A more informative scoreboard may sound benign in principle, but in practice, it can be a conduit for toxic behavior. Players who rack up too many deaths or don’t contribute as much as others could be singled out for harassment by sweaty teammates and opponents alike.
When the original Overwatch launched without a typical scoreboard, players immediately assumed it was meant to address precisely that issue. Community consensus was that Blizzard was trying to eliminate toxicity by hiding stats that can lead to abuse in other shooters, like the all-important kill/death ratio. In a 2016 interview with Gamespot, former director Jeff Kaplan said it actually served another purpose:
“We basically stopped displaying any form of scores, kills, deaths because it really wasn't telling the story of who was doing their job properly to win or lose as a team.”

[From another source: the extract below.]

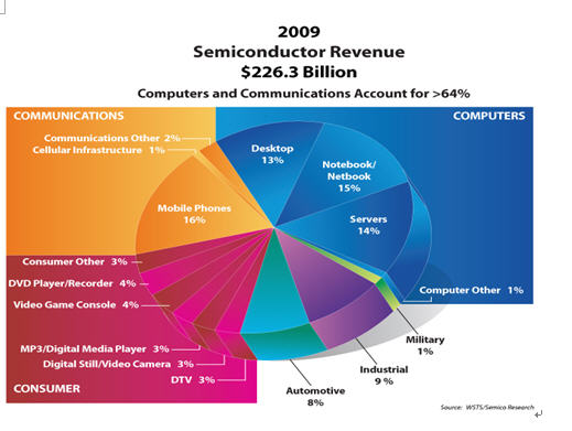 那么未來將會是怎么樣呢?只要晶體管的數(shù)量按目前的高增長倍率繼續(xù)走下去,各種新的應用會層出不窮,推動半導體市場總量進一步提高。因此全球半導體市場在近15年來看似十分穩(wěn)定,雖然如臺式計算機市場已經(jīng)飽和,但是筆記本電腦和上網(wǎng)本開始流行,加上消費類電子產(chǎn)品如游戲機,平板電視,MP3, 數(shù)碼相機等, 由于半導體含量的增加推動了半導體TAM的增加。

Kaplan did say the argument that scoreboards breed toxicity may have some merit, but it wasn’t the team’s primary motivation for not using one. For a lot of players, Kaplan’s departure from Blizzard in 2021 was seen as a sign the times were changing. The more time goes on, the more it seems they may have been right.
Battling toxicity may not have been Blizzard’s main reason for leaving out a traditional scoreboard, but players certainly felt it had that effect. For a while, at least.
One of the best things about the early days of Overwatch was how it let players who don’t normally like shooters in on the fun. Characters like Mercy didn’t require twitch aiming skills to play successfully, instead rewarding qualities like quick decision-making and smart movement. For years, players have lamented how much that’s changed, and many placed the blame on Blizzard prioritizing the competitive and pro scene over people just playing to have fun.
Blizzard has never come out and said it’s catering to pros now, but Overwatch 2’s revamped scoreboard looks like one more piece in a mountain of evidence that that’s the case. Either way, the MIT stat could signal an attempt to bring back some small amount of Overwatch’s core design, favoring solid teamwork over flashy, aggressive play. While it’s not much, Overwatch 2 players longing for the feel of the original game can at least look to the scoreboard as one positive change.